> [The data]:
☆ ☆ ☆ ☆

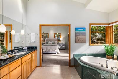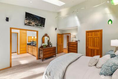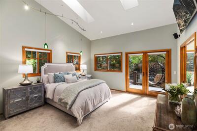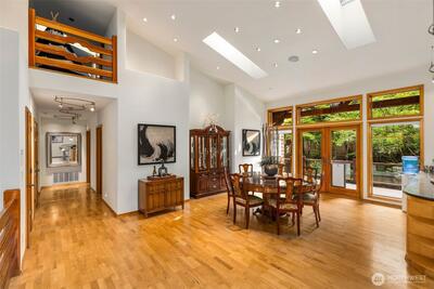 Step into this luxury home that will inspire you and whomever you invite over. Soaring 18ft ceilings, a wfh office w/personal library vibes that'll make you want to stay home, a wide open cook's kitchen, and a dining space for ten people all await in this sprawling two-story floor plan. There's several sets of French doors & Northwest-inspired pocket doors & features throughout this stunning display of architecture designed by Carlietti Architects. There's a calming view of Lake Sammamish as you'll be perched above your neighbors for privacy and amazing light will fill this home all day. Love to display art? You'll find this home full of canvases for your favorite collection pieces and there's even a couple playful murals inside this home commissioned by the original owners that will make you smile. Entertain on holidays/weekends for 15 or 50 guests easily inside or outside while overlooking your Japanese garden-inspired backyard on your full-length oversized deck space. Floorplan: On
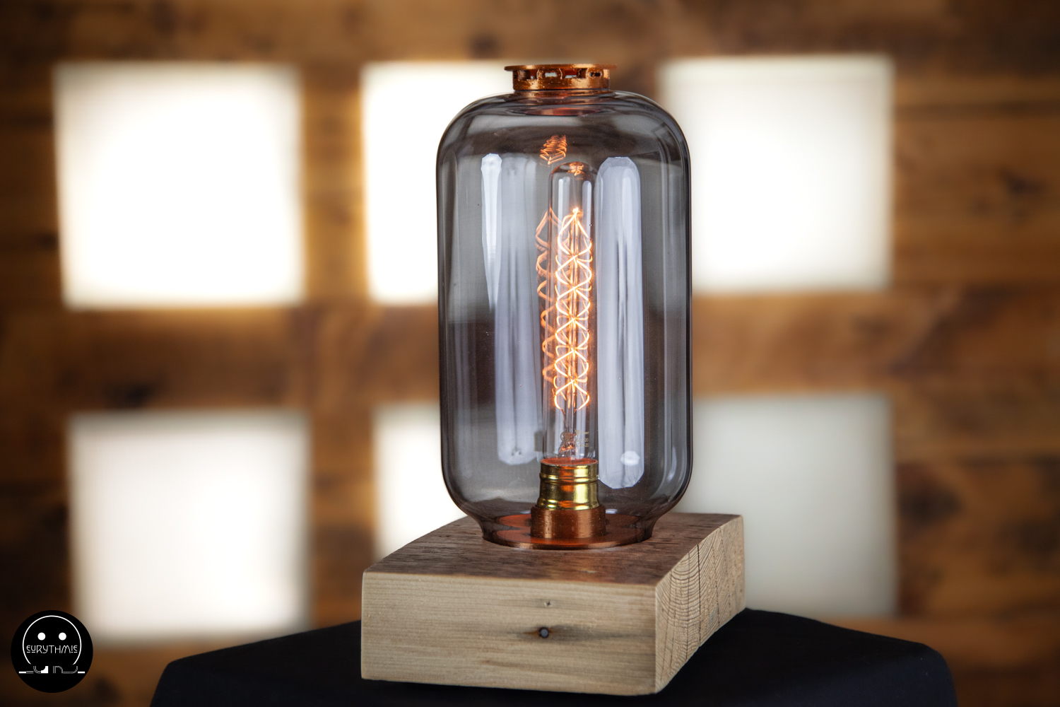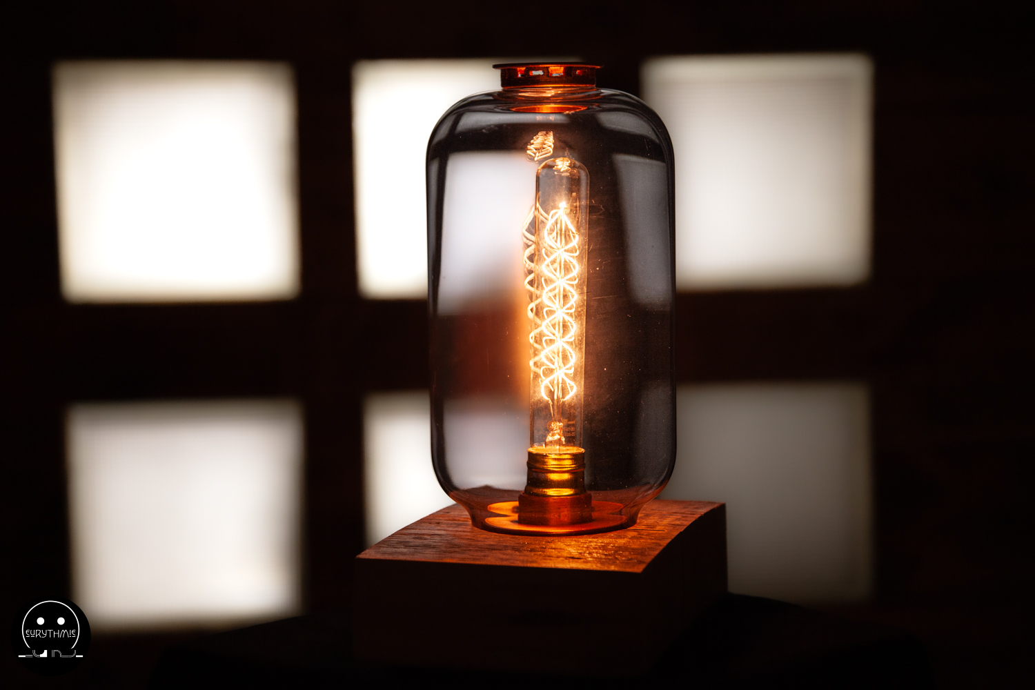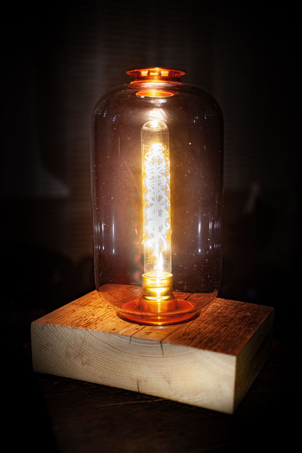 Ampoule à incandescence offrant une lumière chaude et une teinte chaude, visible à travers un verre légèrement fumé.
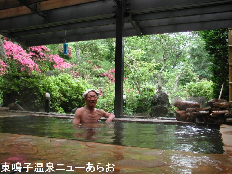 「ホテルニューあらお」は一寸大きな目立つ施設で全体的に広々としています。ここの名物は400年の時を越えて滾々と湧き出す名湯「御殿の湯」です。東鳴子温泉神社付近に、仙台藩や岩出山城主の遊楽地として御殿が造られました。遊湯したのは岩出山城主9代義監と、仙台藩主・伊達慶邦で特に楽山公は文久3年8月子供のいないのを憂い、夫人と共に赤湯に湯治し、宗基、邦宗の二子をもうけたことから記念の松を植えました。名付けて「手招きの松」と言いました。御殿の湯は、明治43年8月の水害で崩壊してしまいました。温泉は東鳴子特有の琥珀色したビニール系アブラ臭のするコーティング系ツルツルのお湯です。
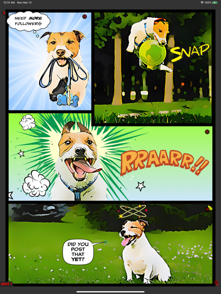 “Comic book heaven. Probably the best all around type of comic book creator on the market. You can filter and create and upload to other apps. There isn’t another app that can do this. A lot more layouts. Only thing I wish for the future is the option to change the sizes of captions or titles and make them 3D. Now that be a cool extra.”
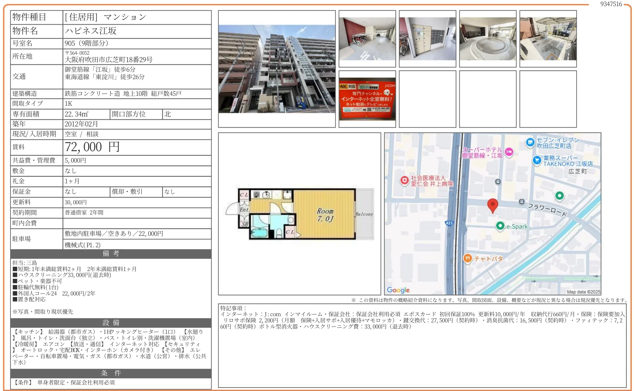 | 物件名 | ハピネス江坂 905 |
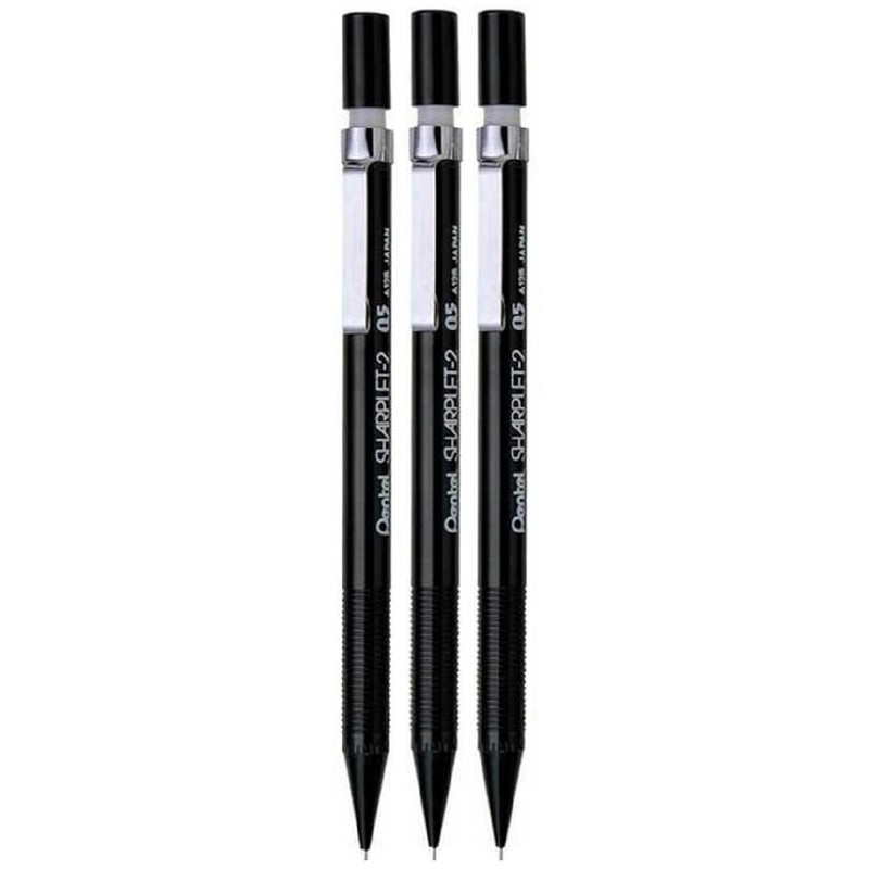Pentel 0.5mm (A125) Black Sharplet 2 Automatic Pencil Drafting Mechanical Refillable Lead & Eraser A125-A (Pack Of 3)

☆ ☆ ☆ ☆

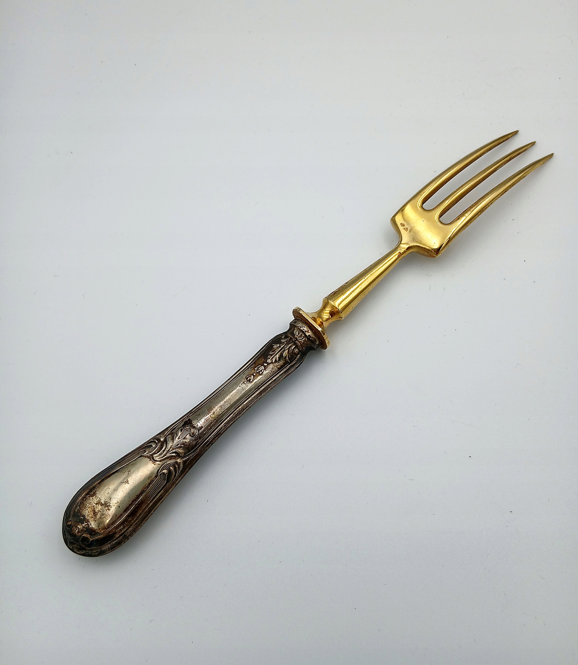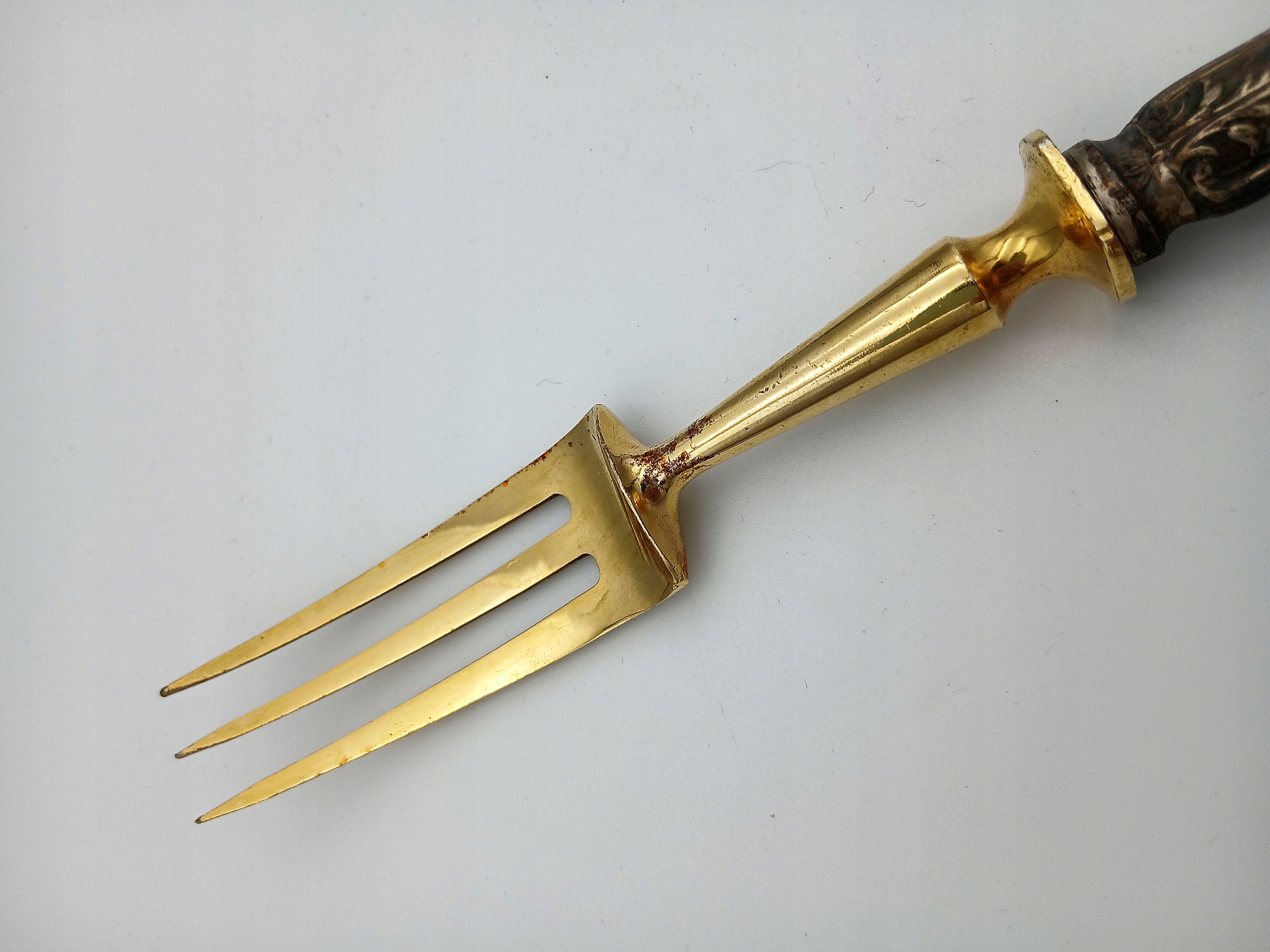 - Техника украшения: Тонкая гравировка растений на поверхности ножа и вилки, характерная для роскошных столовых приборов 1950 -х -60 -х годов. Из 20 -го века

☆ ☆ ☆ ☆

> [Task statement]:
Go back to the listing above and write out the lines starting at the one with "ハピネス江坂 905 |" and ending at the one with "Pentel 0.5mm (A125)", inclusive, exactly and without pictures.

> [Task solution]:
 | 物件名 | ハピネス江坂 905 |
Pentel 0.5mm (A125) Black Sharplet 2 Automatic Pencil Drafting Mechanical Refillable Lead & Eraser A125-A (Pack Of 3)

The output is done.